Endeavour spacewalk marks 1,000 hours on station work
WASHINGTON (AFP) – The crew of the US space shuttle Endeavour wrapped up their fourth and final spacewalk Friday, a walkabout that surpassed the 1,000th hour of such trips to build the International Space Station.
The marathon seven hour, 24 minute spacewalk began at 7:39 am (0415 GMT) and mission specialists Mike Fincke and Greg Chamitoff finished at 7:39 am (1139 GMT), NASA said. Spacewalks typically last six and a half hours.
“At 5:02 am, Fincke and Chamitoff surpassed the 1,000th hour astronauts and cosmonauts have spent spacewalking in support of space station assembly and maintenance,” NASA said.

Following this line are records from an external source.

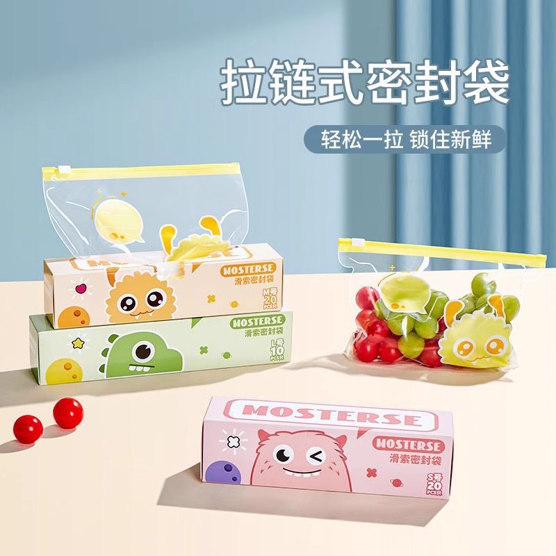 保鲜袋食品密封袋家用冰箱专用冷冻自封袋带封口塑封加厚收纳袋
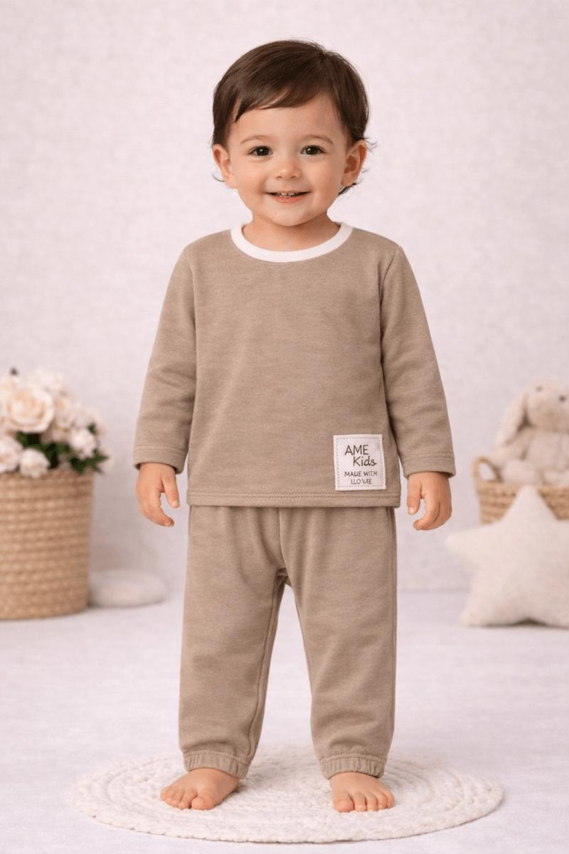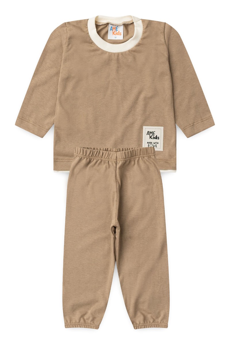 Conjunto Blusa Manga Longa e Calça Meia Malha - Areia - Ame Kids
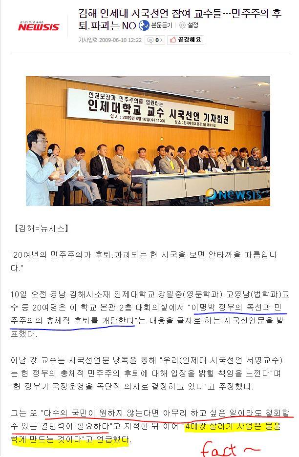 민주주의의 총체적 후퇴를 막기위해 2009년 시국선언에 참여한 멋진 교수님들
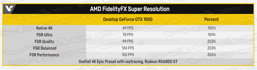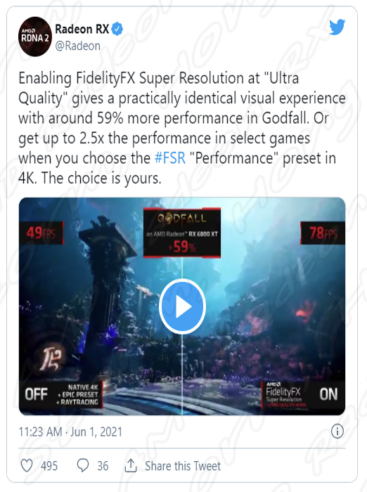 AMD COMPUTEX 2021 (컴퓨텍스 2021 행사)에서 AMD는 Ryzen CPU 외에도 NVIDIA DLSS와 경쟁하는 AMD Radeon RX 6000 RDNA GPU를 위한 FSR 'FidlityFX Super Resolution' 기술을 시연했습니다. 이는 RDNA 2 아키텍처에서 최적화된 자사 AMD 타이틀 GodFall을 시연했습니다.

“The milestone occurred four hours and 47 minutes into today’s spacewalk, the 159th in support of station assembly and maintenance, totaling 1,002 hours, 37 minutes.”
The astronauts completed their mission to stow the boom on the station truss and work on some new installations to extend the space station’s robotic arm.

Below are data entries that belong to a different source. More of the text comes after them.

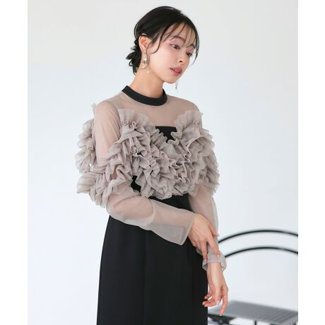 ボリュームたっぷりのチュールフリルが視線を惹きつける、存在感ある1枚
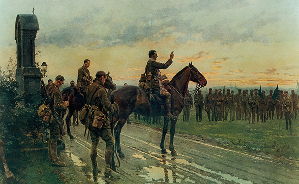Above: The Last General Absolution of the Munsters at Rue du Bois, by Fortunino Matania. Owing to residency requirements, the hundreds of thousands deployed to the war front were effectively disenfranchised. (NMI)
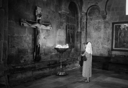 Si hay algo cotidiano para los georgianos es, precisamente, esa presencia divina, que se sienta en sus mesas a comer, les acompaña para ir a trabajar y es la indiscutible líder de la nación, incluida para la muy corrupta clase política. En la iglesia de Kashveti, en la céntrica calle Rustaveli, todo esto se observa bien. Dependientas de ropa de moda, hombres de negocios, ancianos que hablan ruso… entran y salen del templo en pleno horario laboral. Rezan, colocan unas velas, tocan con devoción los iconos y regresan a trabajar. Como si Dios, en lugar de grandes formalidades, reclamara para sí, más bien, absoluta familiaridad.
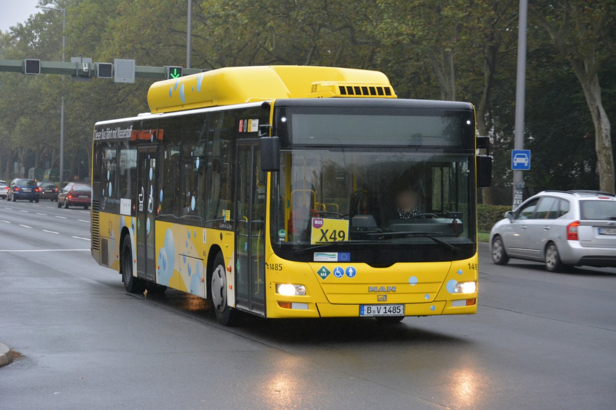 B-V 1485 fährt am 26.09.2014 auf der Linie X49 Richtung Berlin Staaken. Aufgenommen wurde MAN Lion's City mit Wasserstoff Antrieb, Flatowalle.

The spacewalk was the last by a US shuttle crew docked at the orbiting lab. A spacewalk is planned during the shuttle Atlantis’s mission in July but will be done by the space station crew.

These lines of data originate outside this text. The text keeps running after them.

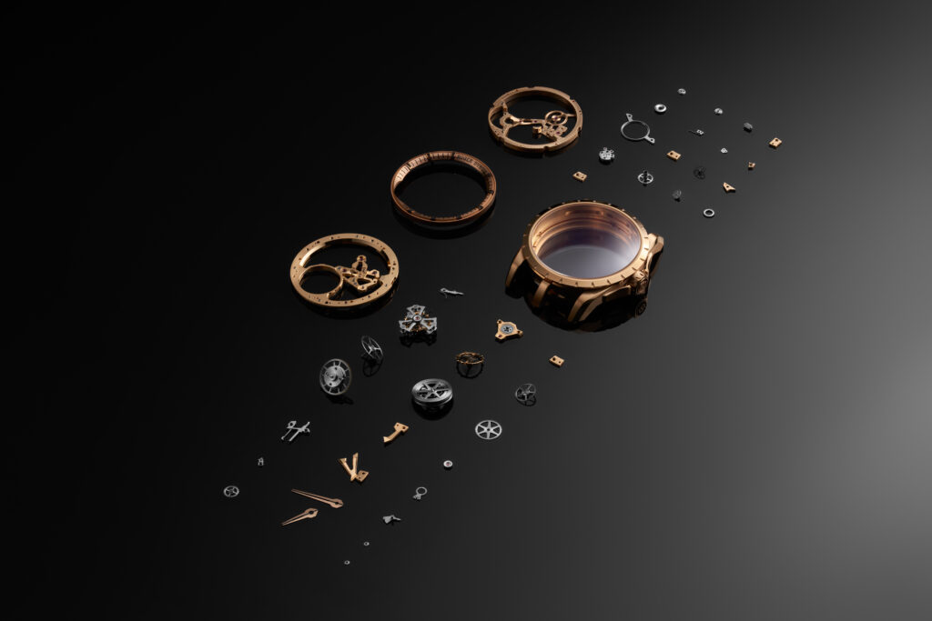 The 2000s brought other stylistic statements, from the double-dial Too Much to the Golden Square, which introduced the brand’s first in-house tourbillon in 2003. Then came the Excalibur in 2005—a defining collection with its dramatic triple-lug case and wide, open dial that encouraged creative skeletonization. The Excalibur Double Tourbillon added baroque flair and mother-of-pearl detailing, reflecting the brand’s growing confidence in storytelling through design.
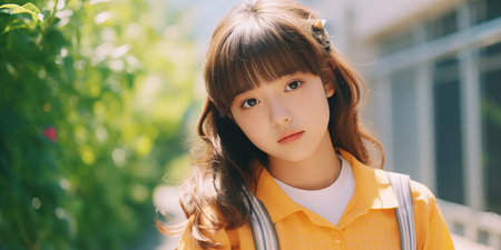 A young girl with long, dark hair and serious expression stands outdoors. A resident of Kazakhstan, a beautiful girl of 15 years old. Schoolgirl, student or applicant. Modern generation. AI generated.
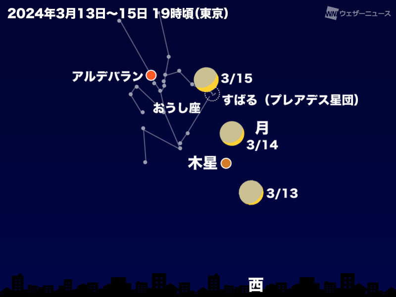 また、細い月が3月13日(水)~14日(木)には木星に接近し、15日(金)にはすばるに接近します。月と明るい木星やすばるの共演を、ぜひお楽しみください。

Endeavour blasted off on its final mission, STS-134, on May 16 with six astronauts on board — five Americans and one Italian — and docked at the ISS on Wednesday.
The shuttle will remain at the space station until May 30, returning to the United States on June 1.
The 30-year US space shuttle program formally ends later this year with the flight of Atlantis set for July 8, leaving Russia’s space capsules as the sole option for world astronauts heading to and from the orbiting research lab.